--- START ---
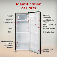 8. Storage or Interior description : Total no. of Compartments - 02 (Freezer & Fridge) - Egg Trays, Chiller / milk or dairy product trays or fresh fruit trays; Drawer | Shelves – 03 Toughened Glass with Frame; Ice Tray, Egg Tray; suitable for large sized utensils sized, medium or small sixed boxes; Spill proof adjustable shelves | Vegetable box (removable) capacity: 21 Ltrs.| Anti-bacterial gasket | 2 ltr. Bottle storage; 4 full + 3 half door basket
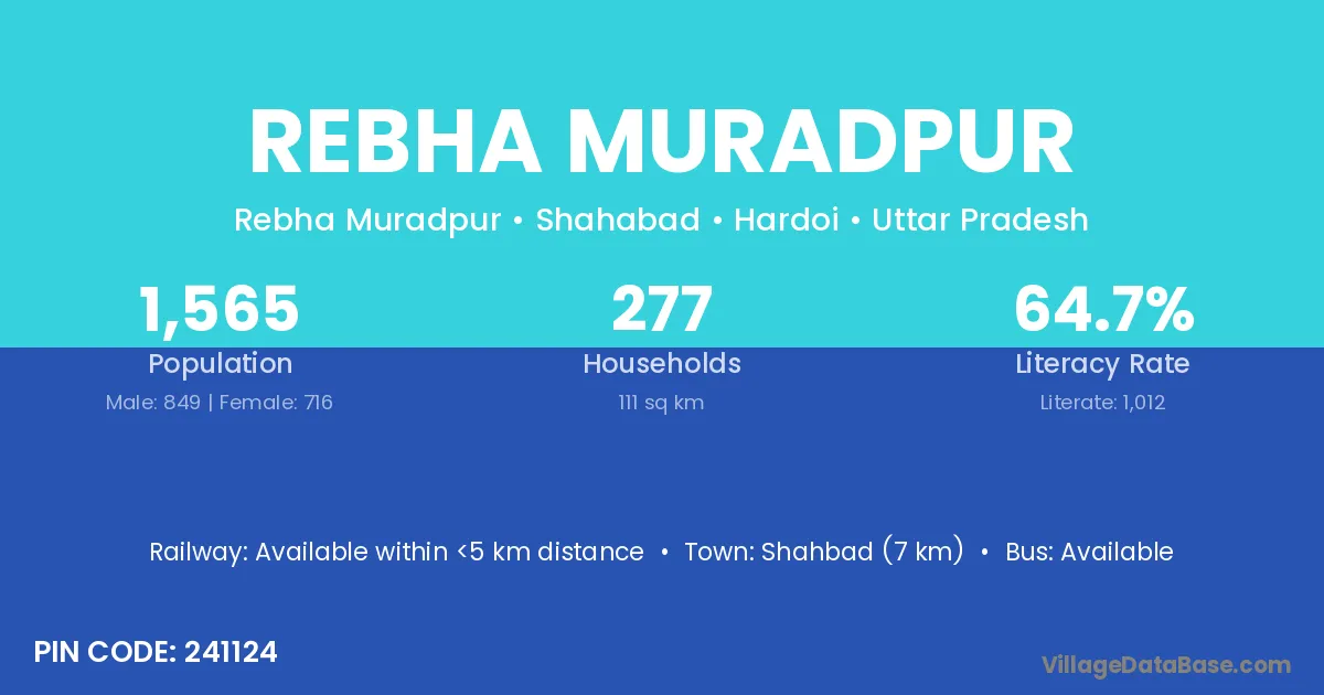 Shahbad (7 km) is the nearest town to Rebha Muradpur village for major economic activities and is located approximately 7 km away.
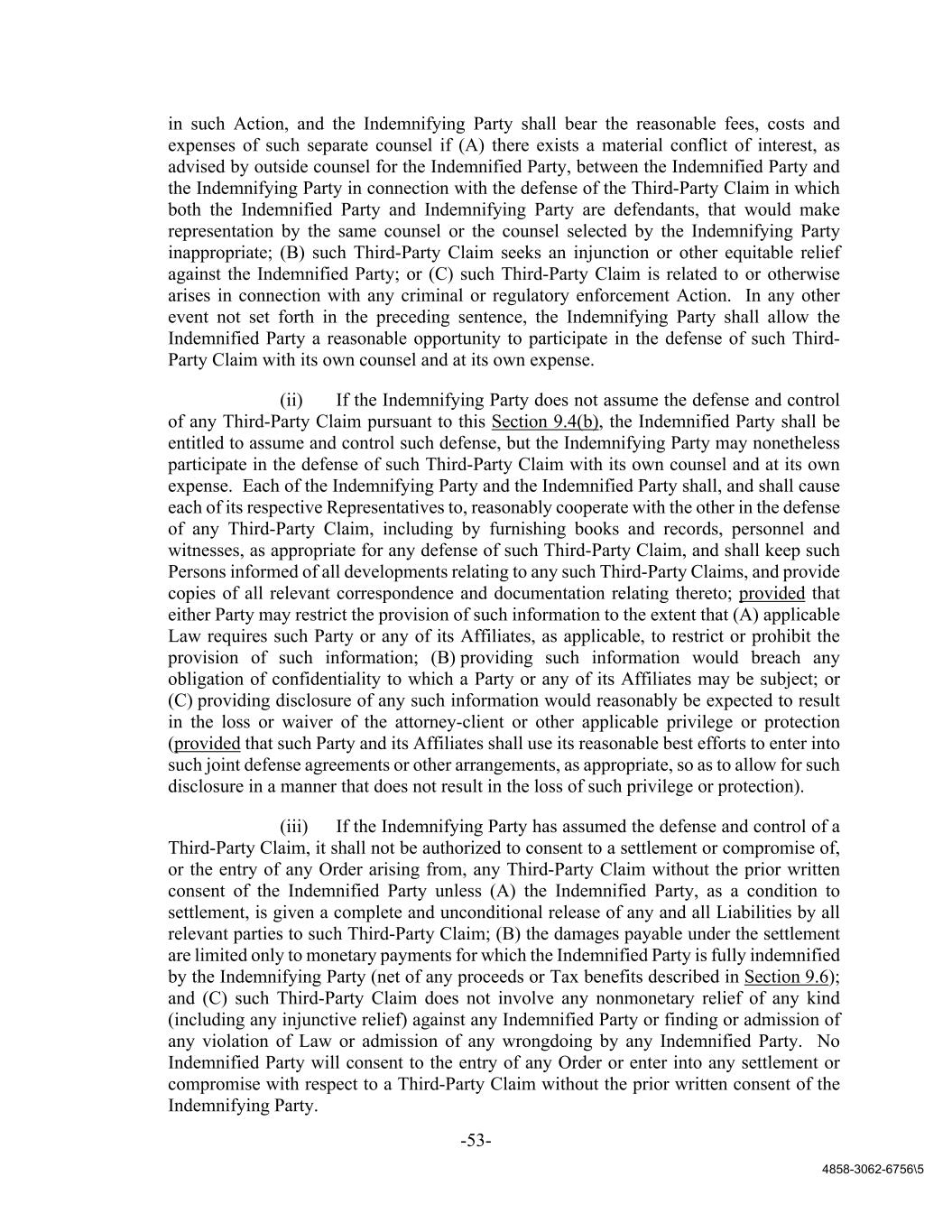 -53- 4858-3062-6756\5 in such Action, and the Indemnifying Party shall bear the reasonable fees, costs and expenses of such separate counsel if (A) there exists a material conflict of interest, as advised by outside counsel for the Indemnified Party, between the Indemnified Party and the Indemnifying Party in connection with the defense of the Third-Party Claim in which both the Indemnified Party and Indemnifying Party are defendants, that would make representation by the same counsel or the counsel selected by the Indemnifying Party inappropriate; (B) such Third-Party Claim seeks an injunction or other equitable relief against the Indemnified Party; or (C) such Third-Party Claim is related to or otherwise arises in connection with any criminal or regulatory enforcement Action. In any other event not set forth in the preceding sentence, the Indemnifying Party shall allow the Indemnified Party a reasonable opportunity to participate in the defense of such Third- Party Claim with its own counsel and at its own expense. (ii) If the Indemnifying Party does not assume the defense and control of any Third-Party Claim pursuant to this Section 9.4(b), the Indemnified Party shall be entitled to assume and control such defense, but the Indemnifying Party may nonetheless participate in the defense of such Third-Party Claim with its own counsel and at its own expense. Each of the Indemnifying Party and the Indemnified Party shall, and shall cause each of its respective Representatives to, reasonably cooperate with the other in the defense of any Third-Party Claim, including by furnishing books and records, personnel and witnesses, as appropriate for any defense of such Third-Party Claim, and shall keep such Persons informed of all developments relating to any such Third-Party Claims, and provide copies of all relevant correspondence and documentation relating thereto; provided that either Party may restrict the provision of such information to the extent that (A) applicable Law requires such Party or any of its Affiliates, as applicable, to restrict or prohibit the provision of such information; (B) providing such information would breach any obligation of confidentiality to which a Party or any of its Affiliates may be subject; or (C) providing disclosure of any such information would reasonably be expected to result in the loss or waiver of the attorney-client or other applicable privilege or protection (provided that such Party and its Affiliates shall use its reasonable best efforts to enter into such joint defense agreements or other arrangements, as appropriate, so as to allow for such disclosure in a manner that does not result in the loss of such privilege or protection). (iii) If the Indemnifying Party has assumed the defense and control of a Third-Party Claim, it shall not be authorized to consent to a settlement or compromise of, or the entry of any Order arising from, any Third-Party Claim without the prior written consent of the Indemnified Party unless (A) the Indemnified Party, as a condition to settlement, is given a complete and unconditional release of any and all Liabilities by all relevant parties to such Third-Party Claim; (B) the damages payable under the settlement are limited only to monetary payments for which the Indemnified Party is fully indemnified by the Indemnifying Party (net of any proceeds or Tax benefits described in Section 9.6); and (C) such Third-Party Claim does not involve any nonmonetary relief of any kind (including any injunctive relief) against any Indemnified Party or finding or admission of any violation of Law or admission of any wrongdoing by any Indemnified Party. No Indemnified Party will consent to the entry of any Order or enter into any settlement or compromise with respect to a Third-Party Claim without the prior written consent of the Indemnifying Party.
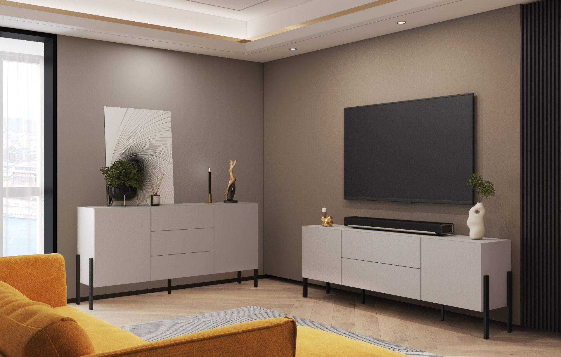 Откройте для себя уникальную тумбу под телевизор Jukon, сочетающую современный стиль и функциональность. Изготовленная из высококачественных материалов, эта элегантная тумба цвета «Кашемир» органично впишется как в классический, так и в современный интерьер. Матовая отделка придает интерьеру утонченное очарование, а минималистичный дизайн делает ее сердцем любой гостиной. Тумба под телевизор Jukon не только красива, но и практична. Благодаря вместительному дизайну шириной 207 см, высотой 70 см и глубиной 40 см, она предоставляет достаточно места для всех ваших необходимых мультимедийных устройств и декоративных предметов. Дверцы открываются с помощью современной системы «нажатие», которая добавляет дополнительный элемент комфорта и элегантности вашему интерьеру. Особенно привлекательны матовые черные ножки тумбы, придающие ей солидный и современный характер. В сочетании с корпусом и передней панелью цвета «Кашемир» она создает гармоничное целое, способное украсить любую комнату. Она идеально сочетается с другой мебелью, позволяя вам создать уникальный и персонализированный декор в вашем доме.
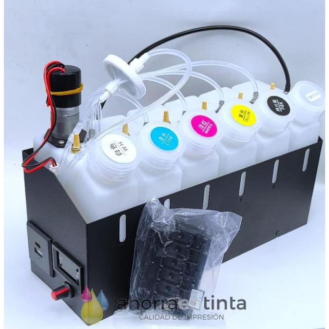 Con este kit puedes tener un control mas preciso de tus impresoras modificadas para dtf, con su sistema independiente de recirculacion y movimiento del tanque blanco junto con los depositos cmyk mas el tanque de desechos externo.
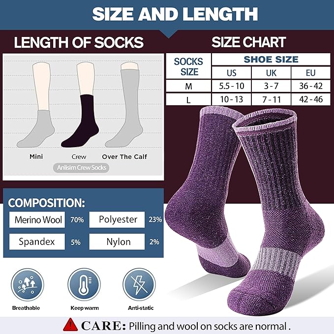 - Composition:Anlisim womens hiking socks are made of 70% Merino Wool, 23% Polyester, 5% Spandex , 2% Nylon,which are wearable and durable.And you can wear them in all season.
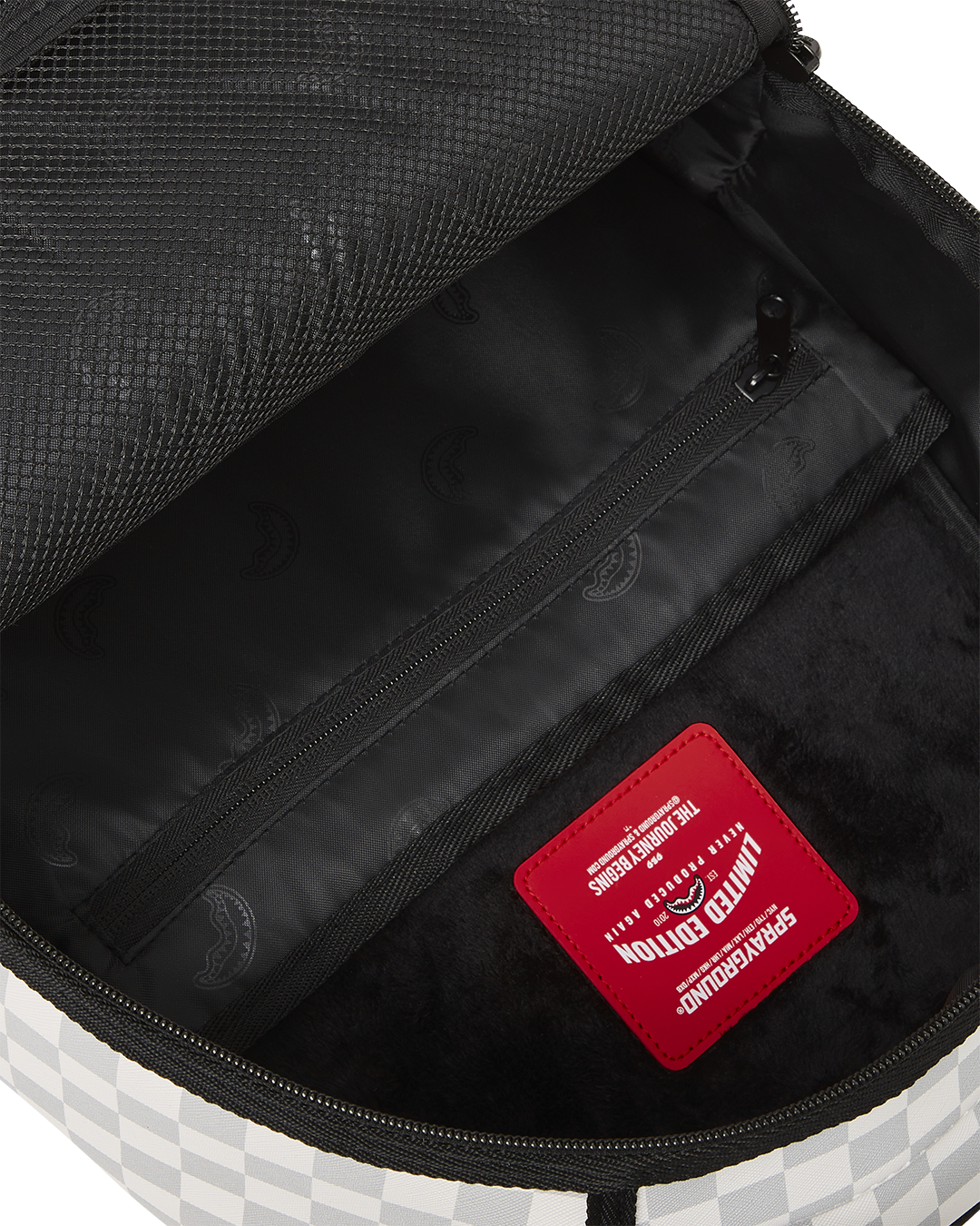 Dimensions: 18' x 6' x 11.5' • Front zipper pocket • Side pockets • Zippered Stash pocket • Separate velour sunglass compartment • Ergonomic mesh back padding • Adjustable Straps for custom sizing • Gold zippers with metal hardware • Metal 'Sprayground Authentic' badge • Slide through back sleeve connects to carry-on luggage to free your hands
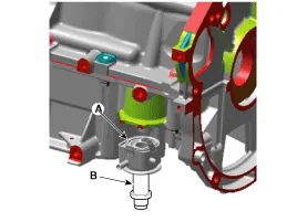 Eine dünne Schicht Motoröl auf die Oberfläche der Ölkühlerdichtung (A) auftragen, dann den Ölkühler mit einer Befestigungsschraube (B) montieren.
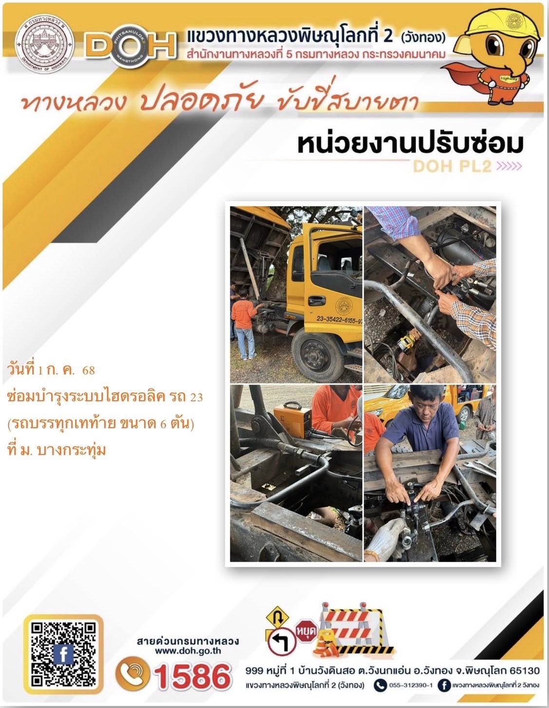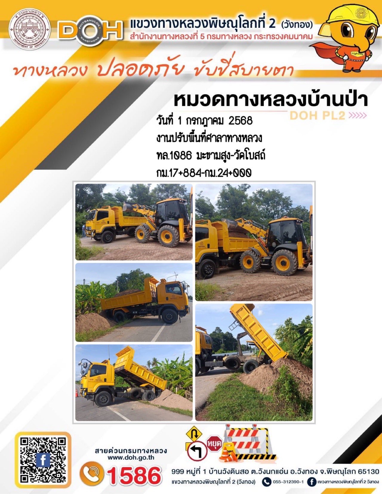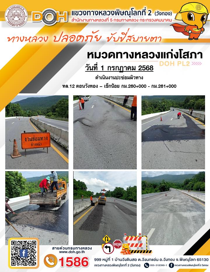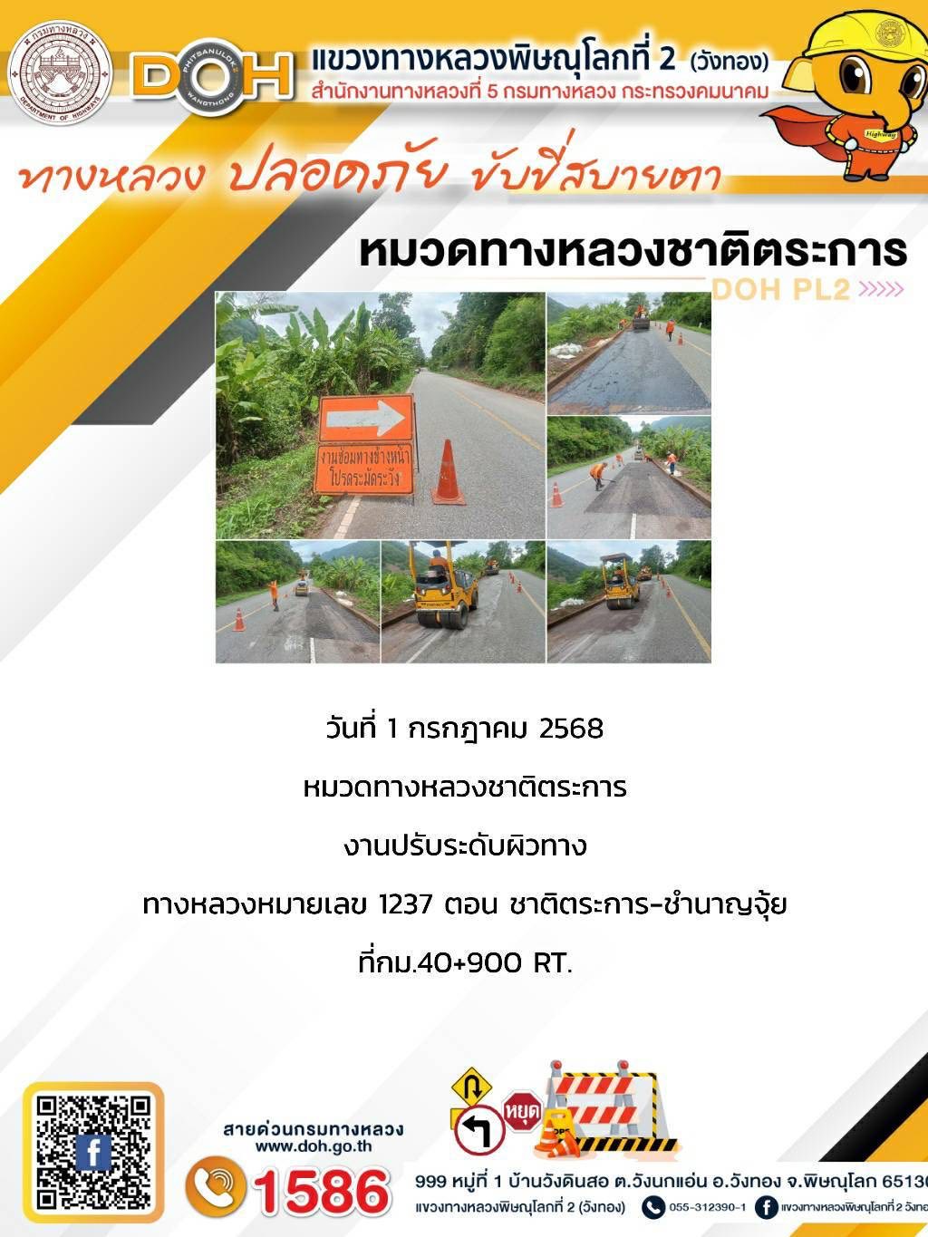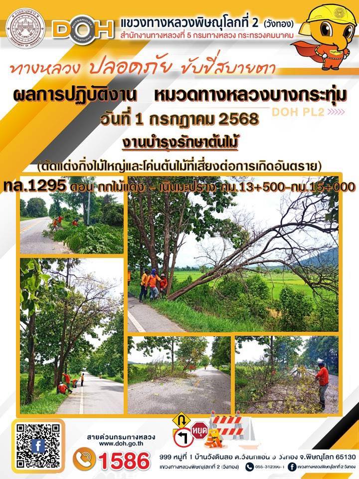 การปฏิบัติงานของ หมวดทางหลวง และ หน่วยงานในสังกัด เพื่ออำนวยความสะดวก และปลอดภัยให้กับประชาชนผู้ใช้เส้นทาง ประจำวันอังคาร ที่ 1 กรกฎาคม 2568
--- END ---
- _About this exercise_
Go through the material above and retype every line exactly, without the images.

- _Output of the exercise_
 8. Storage or Interior description : Total no. of Compartments - 02 (Freezer & Fridge) - Egg Trays, Chiller / milk or dairy product trays or fresh fruit trays; Drawer | Shelves – 03 Toughened Glass with Frame; Ice Tray, Egg Tray; suitable for large sized utensils sized, medium or small sixed boxes; Spill proof adjustable shelves | Vegetable box (removable) capacity: 21 Ltrs.| Anti-bacterial gasket | 2 ltr. Bottle storage; 4 full + 3 half door basket
 Shahbad (7 km) is the nearest town to Rebha Muradpur village for major economic activities and is located approximately 7 km away.
 -53- 4858-3062-6756\5 in such Action, and the Indemnifying Party shall bear the reasonable fees, costs and expenses of such separate counsel if (A) there exists a material conflict of interest, as advised by outside counsel for the Indemnified Party, between the Indemnified Party and the Indemnifying Party in connection with the defense of the Third-Party Claim in which both the Indemnified Party and Indemnifying Party are defendants, that would make representation by the same counsel or the counsel selected by the Indemnifying Party inappropriate; (B) such Third-Party Claim seeks an injunction or other equitable relief against the Indemnified Party; or (C) such Third-Party Claim is related to or otherwise arises in connection with any criminal or regulatory enforcement Action. In any other event not set forth in the preceding sentence, the Indemnifying Party shall allow the Indemnified Party a reasonable opportunity to participate in the defense of such Third- Party Claim with its own counsel and at its own expense. (ii) If the Indemnifying Party does not assume the defense and control of any Third-Party Claim pursuant to this Section 9.4(b), the Indemnified Party shall be entitled to assume and control such defense, but the Indemnifying Party may nonetheless participate in the defense of such Third-Party Claim with its own counsel and at its own expense. Each of the Indemnifying Party and the Indemnified Party shall, and shall cause each of its respective Representatives to, reasonably cooperate with the other in the defense of any Third-Party Claim, including by furnishing books and records, personnel and witnesses, as appropriate for any defense of such Third-Party Claim, and shall keep such Persons informed of all developments relating to any such Third-Party Claims, and provide copies of all relevant correspondence and documentation relating thereto; provided that either Party may restrict the provision of such information to the extent that (A) applicable Law requires such Party or any of its Affiliates, as applicable, to restrict or prohibit the provision of such information; (B) providing such information would breach any obligation of confidentiality to which a Party or any of its Affiliates may be subject; or (C) providing disclosure of any such information would reasonably be expected to result in the loss or waiver of the attorney-client or other applicable privilege or protection (provided that such Party and its Affiliates shall use its reasonable best efforts to enter into such joint defense agreements or other arrangements, as appropriate, so as to allow for such disclosure in a manner that does not result in the loss of such privilege or protection). (iii) If the Indemnifying Party has assumed the defense and control of a Third-Party Claim, it shall not be authorized to consent to a settlement or compromise of, or the entry of any Order arising from, any Third-Party Claim without the prior written consent of the Indemnified Party unless (A) the Indemnified Party, as a condition to settlement, is given a complete and unconditional release of any and all Liabilities by all relevant parties to such Third-Party Claim; (B) the damages payable under the settlement are limited only to monetary payments for which the Indemnified Party is fully indemnified by the Indemnifying Party (net of any proceeds or Tax benefits described in Section 9.6); and (C) such Third-Party Claim does not involve any nonmonetary relief of any kind (including any injunctive relief) against any Indemnified Party or finding or admission of any violation of Law or admission of any wrongdoing by any Indemnified Party. No Indemnified Party will consent to the entry of any Order or enter into any settlement or compromise with respect to a Third-Party Claim without the prior written consent of the Indemnifying Party.
 Откройте для себя уникальную тумбу под телевизор Jukon, сочетающую современный стиль и функциональность. Изготовленная из высококачественных материалов, эта элегантная тумба цвета «Кашемир» органично впишется как в классический, так и в современный интерьер. Матовая отделка придает интерьеру утонченное очарование, а минималистичный дизайн делает ее сердцем любой гостиной. Тумба под телевизор Jukon не только красива, но и практична. Благодаря вместительному дизайну шириной 207 см, высотой 70 см и глубиной 40 см, она предоставляет достаточно места для всех ваших необходимых мультимедийных устройств и декоративных предметов. Дверцы открываются с помощью современной системы «нажатие», которая добавляет дополнительный элемент комфорта и элегантности вашему интерьеру. Особенно привлекательны матовые черные ножки тумбы, придающие ей солидный и современный характер. В сочетании с корпусом и передней панелью цвета «Кашемир» она создает гармоничное целое, способное украсить любую комнату. Она идеально сочетается с другой мебелью, позволяя вам создать уникальный и персонализированный декор в вашем доме.
 Con este kit puedes tener un control mas preciso de tus impresoras modificadas para dtf, con su sistema independiente de recirculacion y movimiento del tanque blanco junto con los depositos cmyk mas el tanque de desechos externo.
 - Composition:Anlisim womens hiking socks are made of 70% Merino Wool, 23% Polyester, 5% Spandex , 2% Nylon,which are wearable and durable.And you can wear them in all season.
 Dimensions: 18' x 6' x 11.5' • Front zipper pocket • Side pockets • Zippered Stash pocket • Separate velour sunglass compartment • Ergonomic mesh back padding • Adjustable Straps for custom sizing • Gold zippers with metal hardware • Metal 'Sprayground Authentic' badge • Slide through back sleeve connects to carry-on luggage to free your hands
 Eine dünne Schicht Motoröl auf die Oberfläche der Ölkühlerdichtung (A) auftragen, dann den Ölkühler mit einer Befestigungsschraube (B) montieren.
 การปฏิบัติงานของ หมวดทางหลวง และ หน่วยงานในสังกัด เพื่ออำนวยความสะดวก และปลอดภัยให้กับประชาชนผู้ใช้เส้นทาง ประจำวันอังคาร ที่ 1 กรกฎาคม 2568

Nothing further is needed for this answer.